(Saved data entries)
☆ ☆ ☆ ☆ ☆

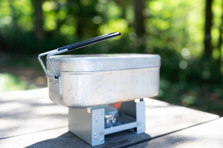 1.洗った米2合と水350mlをメスティンに入れ、30分放置する。(浸水時間)
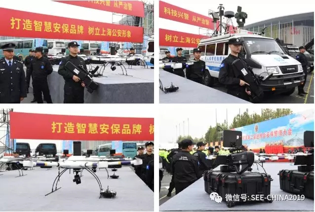 上海保安集團警盾無人機團隊亮相誓師大會現(xiàn)場,展示新型科研設(shè)備。
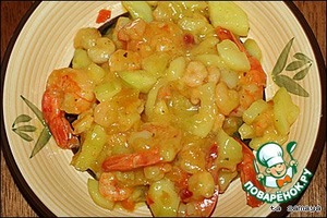 Рецепт «Креветки с цуккини в кисло-сладком ананасовом соусе»:
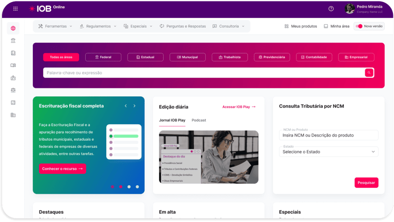 Atualmente, escritórios de contabilidade e empresas podem centralizar tecnologia e inteligência IOB em um único local.
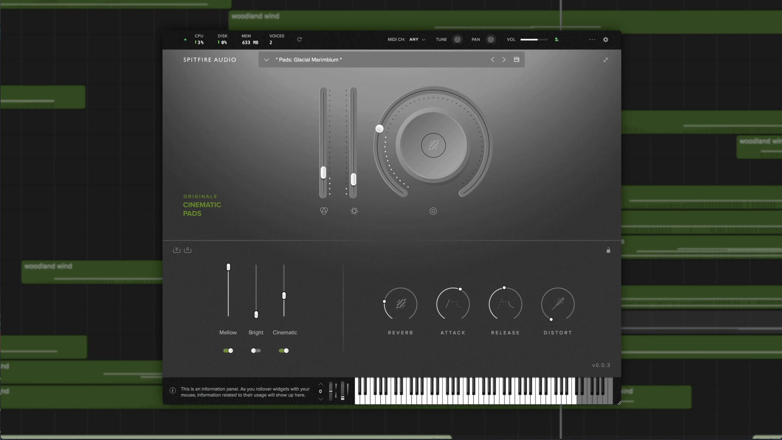 Those 23 presets - Bowed Glass, Cavernous Bellowing, Celestial Stops, Chatter Organ, Chilling Forest, Deep Churn, Dystopian Ruin, Euphoric Sandstorm, Falling Steam, Fluorescent Corridors, Frosty Exhale, Glacial Marimbium, Halcyon Strings, Midnight Waves, Mountaintop Wind, Nauseous Static, Pulsing Water, Roadside Crosstalk, Slow Reeds, Trembling Tension, Volcanic Beaches, Woodland Wind, and Windswept Vessel - are as inspirational in name as they are in use, while those three pads to which ORIGINALS CINEMATIC PADS (partly) owes its name can be best described as a dulcet pad created from orchestral samples, perfect for creating rich beds (Mellow); an ethereal pad, carefully chosen to pair with the Mellow pad (Bright); and a distant pad created using a range hardware reverbs with other outboard and effects by Spitfire Audio co-founder and award- winning composer Christian Henson - handy for creating atmospheric, ambient sound worlds (Cinematic). Continues Homay Schmitz: “The combination of those three pad sounds has been carefully curated so you get a really great balance between those sounds, giving you these really organic, lush, and full textures.”

☆ ☆ ☆ ☆ ☆

Exercise requirements: Only the pictures are to be excluded; all other parts of the records above are to be given exactly.

Response to the exercise:
 1.洗った米2合と水350mlをメスティンに入れ、30分放置する。(浸水時間)
 上海保安集團警盾無人機團隊亮相誓師大會現(xiàn)場,展示新型科研設(shè)備。
 Рецепт «Креветки с цуккини в кисло-сладком ананасовом соусе»:
 Atualmente, escritórios de contabilidade e empresas podem centralizar tecnologia e inteligência IOB em um único local.
 Those 23 presets - Bowed Glass, Cavernous Bellowing, Celestial Stops, Chatter Organ, Chilling Forest, Deep Churn, Dystopian Ruin, Euphoric Sandstorm, Falling Steam, Fluorescent Corridors, Frosty Exhale, Glacial Marimbium, Halcyon Strings, Midnight Waves, Mountaintop Wind, Nauseous Static, Pulsing Water, Roadside Crosstalk, Slow Reeds, Trembling Tension, Volcanic Beaches, Woodland Wind, and Windswept Vessel - are as inspirational in name as they are in use, while those three pads to which ORIGINALS CINEMATIC PADS (partly) owes its name can be best described as a dulcet pad created from orchestral samples, perfect for creating rich beds (Mellow); an ethereal pad, carefully chosen to pair with the Mellow pad (Bright); and a distant pad created using a range hardware reverbs with other outboard and effects by Spitfire Audio co-founder and award- winning composer Christian Henson - handy for creating atmospheric, ambient sound worlds (Cinematic). Continues Homay Schmitz: “The combination of those three pad sounds has been carefully curated so you get a really great balance between those sounds, giving you these really organic, lush, and full textures.”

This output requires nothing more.